Whether its in the caf, on Lone Mountain, fair trade or regular trade, any real USF coffee drinker knows that coffee on this campus sucks. It even sucks at Crossroads where it’s sold under the Peet’s label. Why Peet’s allows Crossroads to serve its coffee at such a substandard level escapes me.
But thankfully, we have Starbucks right down the street, even if it is down the street. And all day long a steady stream of students, faculty and staff make their way to that Mecca of Java, determined not to squander their dollars on Bon Appetit’s weak, often over roasted blend.
Recently, Starbucks rolled out a new product that should perk the interest of the heavily caffeinated among us. The Starbucks Gold Card is not a credit card, it’s a membership card that costs $25 a year. In return for buying the card, members get 10 percent off purchases at participating Starbucks stores, a free drink when they buy the card and a free drink on their birthday. The card program also offers two hours of free Wi-Fi every day.

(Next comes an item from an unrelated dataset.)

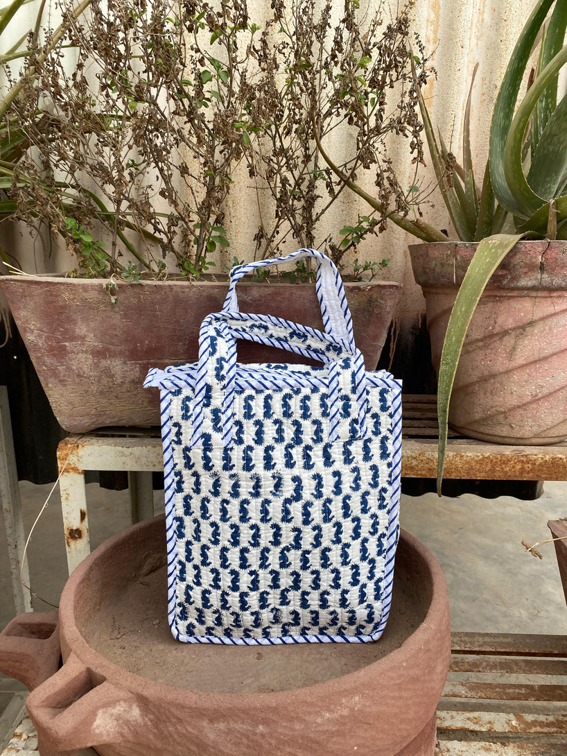 Crafted in quilted cotton and block printed by hand, this everyday bag is soft, lightweight, and made for slow living. Spacious enough for your day’s little rituals — be it a tiffin for work, a bottle upright in its own corner, or a book for quiet moments.
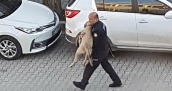 Feke İlçe Kaymakamlığında görevli polis memuru Muharrem Burak Sönmez, Ulus Caddesi'nde plakası belirlenemeyen bir aracın çaptığı sokak köpeğini veterinere götürdü.

$25 is no small sum for the college student to shell out, especially in light of harsh economic times and a weak job market, so I use this column to help you decide if paying $25 for the Starbucks Gold Card is a good buy for you, and if so, how long it will take to realize a positive return on your investment.
In finance-speak, the Gold Card behaves a lot like a bond, so we can determine its value much the same way we would calculate the value of a bond, albeit an unusual one. You buy the card (bond) for $25 up front, minus the free drink, and then the card issuer makes periodic payments to you in the form of a 10 percent discount on your coffee purchase.
Doing the actual valuation requires making a few assumptions about your coffee intake. Lets assume you go to Starbucks once every day and order a grande Americano for $2.15. Lets also assume that you don’t care about the free wireless and forget about the complementary birthday drink.
With the card, you are paying $25 minus $2.15 for the free drink which is $22.85 up front. You then get daily “payments” of 10 percent of $2.15, which is tiny_mce_marker.215.
Using the discounted cash flows I receive from Starbucks, I would break even on this $22.85 investment in the card in my 16th week of the program, or the length of one semester. After that, it would be like getting the 10 percent discount for free.
Lets say, however, that I don’t have $25 in cash, but in stead want to purchase the Gold Card on my credit card. Even when paying an 18 percent interest rate on the $25 credit card balance, it would only take a little longer than a semester for the 10 percent discount to offset the cost of the interest payments. However, I would have to treat the 10 percent discount as money earned and use that money to pay down the balance of my credit card.
It seems to me that the new Starbucks Gold Card is a good buy for the daily coffee drinker, even without factoring in free Wi-Fi or that the 10 percent discount applies to purchases of food and merchandise.
But of course, if USF’s on-campus café’s could get their act together and produce good coffee at a competitive price, I would save myself the walk down Fulton street.
Hunter Patterson is a senior economics major.